LA ALTERNATIVA DE IZQUIERDA

Con la deslegitimación del Partido Acción Nacional y el Partido Revolucionario Institucional se abren en México dos alternativas desde la izquierda: por un lado, la liderada por el Partido de la Revolución Democrática (PRD), cuya cabeza visible es Andrés Manuel López Obrador, y que avanza hacia la constitución del Frente Amplio Progresista, constituido por el PRD, el Partido de los Trabajadores (PT) y Convergencia, que movilizó un importante sector de la sociedad civil en contra del fraude electoral y que ha esbozado en la Convención Nacional Democrática, sus lineamientos programáticos.

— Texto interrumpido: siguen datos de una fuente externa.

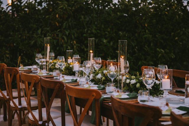 Parma Sole’de kokteyl ve nikah seremonileri bahçedeki meyve ağaçlarının gölgesinde gerçekleşiyor, özenle hazırlanan şık sofralar vadiye bakan havuz başında kuruluyor.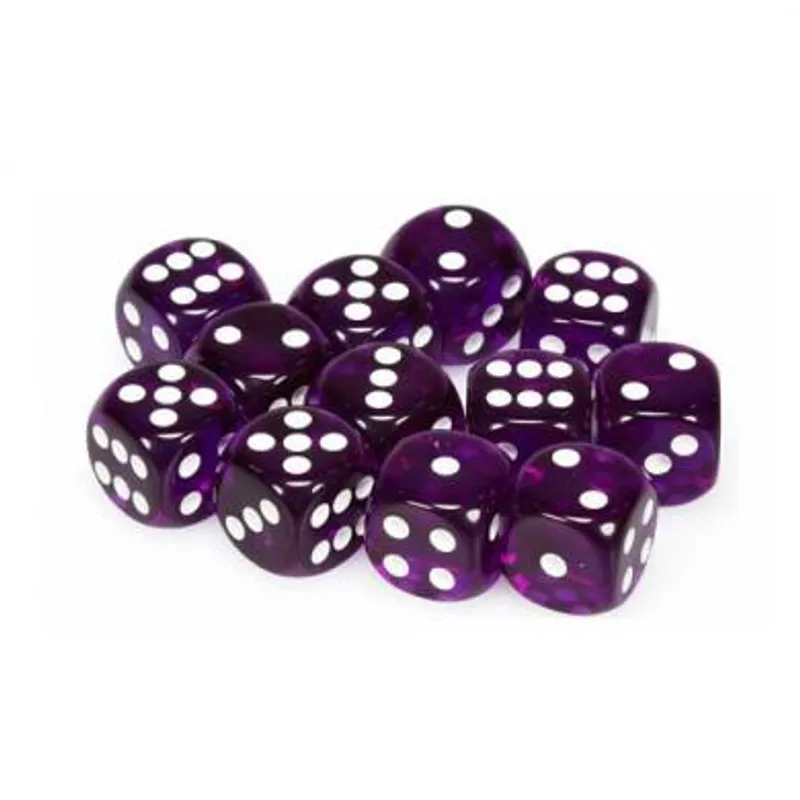 Chessex Translucent Purple with White 16mm D6 (12 Dice)

Por otro lado, el proyecto neozapatista liderado por el subcomandante Marcos (aunque el mismo se resista a esta caracterización como líder) y que encuentra en la VI Declaración de la Selva Lacandona, una propuesta programática para México. El primero se inscribe en esta línea de políticos progresistas, algunos de los cuales ocupan hoy la presidencia de sus países y cuya expresión más radical es Hugo Chávez en Venezuela; mientras que el segundo recoge un amplio espectro de sectores excluidos, comprometidos con un programa anticapitalista y que plantea una alternativa de modifi cación radical de las estructuras económicas, sociales, políticas y culturales.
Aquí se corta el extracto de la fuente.